Using a task design commonly employed to test numerical cognition in bees and a variety of other animals, researchers trained honeybees to discriminate placards with different numbers of shapes. Bees performed well during training and on a learning test. However, additional tests revealed that honey bees used non-numeric visual features to solve the task.

The researchers also created a model based on the known physiology of the bee brain. This “bee brain” model was able to solve several other similar numeric-based tasks without any need for number processing.

Dr HaDi MaBouDi is the lead author on the paper who is based at Sheffield University. He said: “The results of our study show that animals are incredibly clever and can solve tasks in efficient and unexpected ways.”

Dr Olli Loukola, a co-author at University of Oulu in which the study was performed, said: “The results of our work suggests that the ability to distinguish items based on continuous magnitudes, i.e. properties such as density or total area of items, might be more basic and perhaps evolutionarily older than the ability to process numbers”

Another co-author, Maria Honkanen, who is a biology student at University of Oulu, added: "It is truly interesting how this kind of numerical task can be efficiently solved without numbers.

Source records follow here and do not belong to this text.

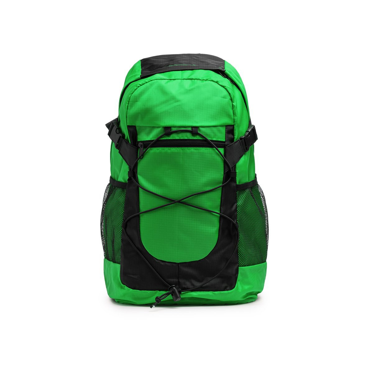 Sports backpack in high strength 210D ripstop nylon. Capacity 30 litres. Double main compartment with zip closure and internal pockets. Front compartment with bungee cord and side mesh pockets. Padded back and shoulder straps. Adjustable side buckles.
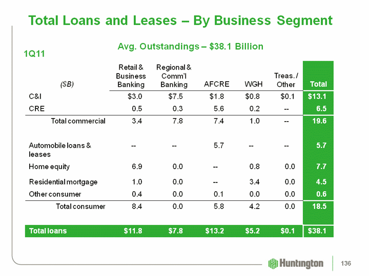 | Total Loans and Leases - By Business Segment Total Loans and Leases - By Business Segment Avg. Outstandings - $38.1 Billion 1Q11 136 |
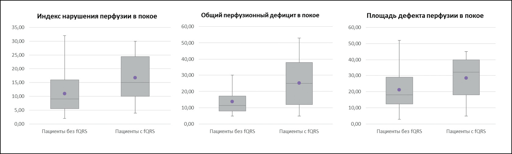 Previously, international studies have noted that fQRS is also more common in patients with hemodynamically significant stenoses of the coronary arteries than in healthy individuals [42, 43]. We also recorded a higher incidence of fQRS in patients with reversible myocardial perfusion defects than in those without perfusion defects. However, fQRS was generally determined less frequently in our study than in the works of Korkmaz et al. and Caliskan et al. (13.3%, 54.8%, and 70%, respectively). These differences occur because these studies did not separately evaluate patients with partially reversible perfusion defects.
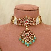 Green and pink Kundan necklace with a pendant hangings and a pair of earrings
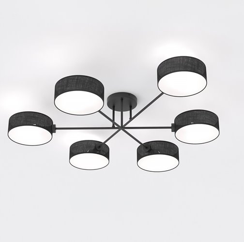 Lampa sufitowa Drim, niskie i nowoczesne pomieszczenia, spokojne kolory. Lampa na sufit w modnym kolorze czarnym. Sześć abażurów jest zaślepionych od spodu blendą, tak aby światło rozpraszało się równomiernie. Blendy są łatwe w montażu i doskonałe w utrzymaniu czystości lampy. Oświetlenie przysufitowe Drim odnajdzie swoje przeznaczenie we wszystkich salonach i jadalniach urządzonych w nowoczesnym stylu, ale o zbyt małej przestrzeni na lampę wiszącą, lub designerski żyrandol. Lampa Drim jest podłużną lampą pod sufit, tak że doskonale odnajdzie się w jadalniach nad stołem. Jako producent oświetlenia i fabryczny sklep z lampami, gwarantujemy jej jakość i sumienność wykonania, oraz zapewniamy ze nie jest to tzw. tania lampa z marketu.
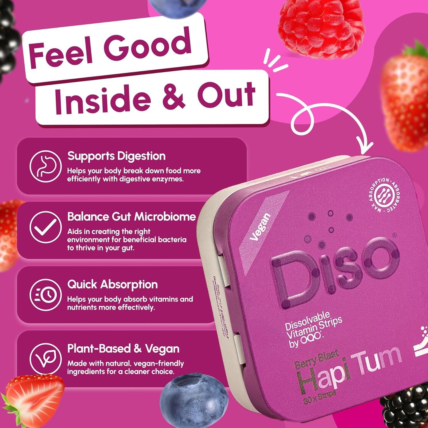 Diso Is Redefining Gut Health Supplements – Experience high absorption with Diso’s dissolvable strips! Vegan, sugar-free, and bursting with berry flavour – no water or swallowing required. Using advanced Absorbatec technology, our strips deliver up to 70% absorption, far higher than traditional gut health tablets.

I think this shows well how a problem might have multiple solutions, when considering it from different angles."

Dr MaBouDi cautions: “This doesn’t mean that bees or other non-verbal animals can’t understand numbers, but it does suggest that animals use non-numeric properties to solve the math problems they often face.”

Article:

‘Non-numerical strategies used by bees to solve numerical cognition tasks’. HaDi MaBouDi, Andrew B. Barron, Sun Li, Maria Honkanen, Olli J. Loukola, Fei Peng, Wenfeng Li, James A. R. Marshall, Alex Cope, Eleni Vasilaki, and Cwyn Solvi. Proceedings in the Royal Society B.